只為翻盤。
所以穆蒼才會突兀的遠離邃古質海,一路全速馳行數分鐘之久,最終駐留在了這片遠離圣神疆土近三百六十五億億光年之外的黑海深處。
一則,他是要以身作局,誘引那元舟崩或者其同伴再次下界,從而能讓其有機會多多探查對方的虛實;二則,卻是為了保護那片圣神疆土,以及疆土深處的或然率統合陣列不會被后續可能出現的戰斗徹底毀掉。

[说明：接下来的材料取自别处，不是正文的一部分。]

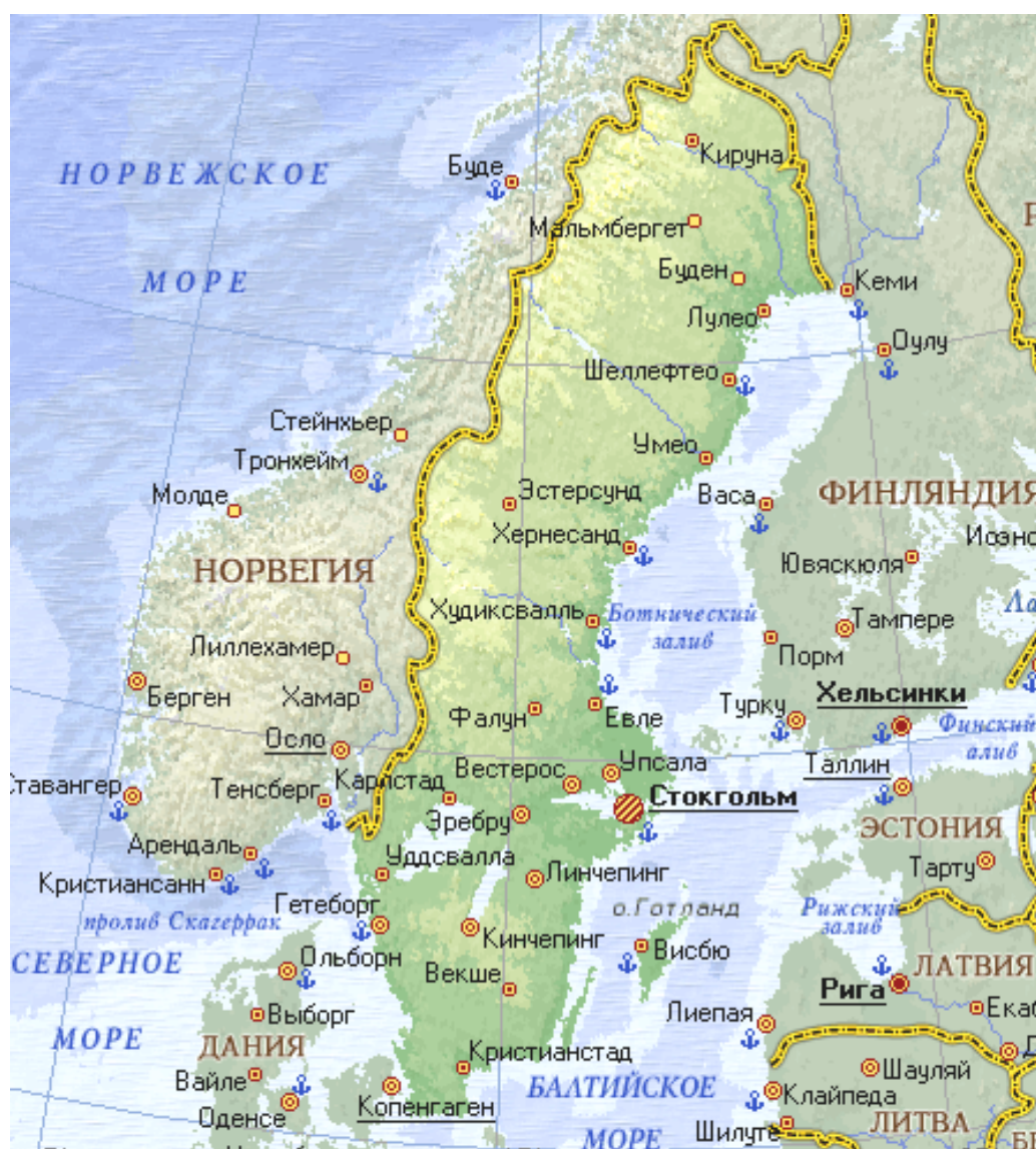
Рис. 3.6. Географическая карта Швеции

Швеция – государство на севере Европы, занимает восточную и южную части Скандинавского полуострова (рис. 3.6). На северо-западе и западе граничит с Норвегией (1657 км), на северо-востоке – с Финляндией (536 км). На востоке омывается Балтийским морем и его Ботническим заливом; на юге – проливами Эресунн, Каттегат и Скагеррак. Территория Швеции вытянута в направлении с юго-юго-запада на северо-северо-восток на 1154 км. Швеции принадлежат острова Готланд и Эланд в Балтийском море. Площадь страны составляет 449,7 тыс. км 2 .

雖然那座界元統合陣列已被穆蒼拆解研究了個透徹,但到底還是沒有做過多次的復盤性研究。
所以穆蒼也不能百分百保證他真就徹底搞懂學透了那座超巨型裝置蘊含的所有技術。
因而,還是將戰場拉遠一點距離比較好些。
當然,若后面上場的黃雀做事太過沒品,非要把那座圣神疆土給徹底摧毀了好發泄心中怒火。
那也無非就是耽誤一些穆蒼對或然率統合陣列種種技術的研究進度,除此之外不會再有任何影響。
畢竟最最核心的幽邃之血,穆蒼早已帶走。
除卻這道主菜,其他的東西充其量只能算蘸料罷了。
缺了辣椒蒜末醬油醋,人還能餓死不成
至于能否打的過那新來的黃雀,穆蒼也有自己的考慮。
事實上,先前在解剖元舟崩那具傀儡之時,他就已在其遙控裝置中發現了一縷極其微弱的靈性波動信息。
正是通過這一縷微弱到近乎于無的模糊信息,穆蒼才推演并測算出了元舟崩那位于未知時空本體中那一道根源靈性的級別
質地較為平庸的實體化靈性。
靈性既然平庸,那么資質、潛力、天賦自然也就乏善可陳。
也正是通過這一點,穆蒼才大膽猜測了對方那可能會出現的同伴,也只會是實體化靈性,只會是平庸之人。
因為,龍不與蛇居。
擁有神性的六維生命,又怎么會與元舟崩那等庸才為伍呢
僵硬在原處無法動彈分毫的穆蒼,默默用神性感應著這片徹底籠罩固定住自己的干涉域,心中輕笑
“果然所料不差,從這股干涉域隱隱透出的靈性波動來看,這只陌生的黃雀也僅是一個平庸之人啊。”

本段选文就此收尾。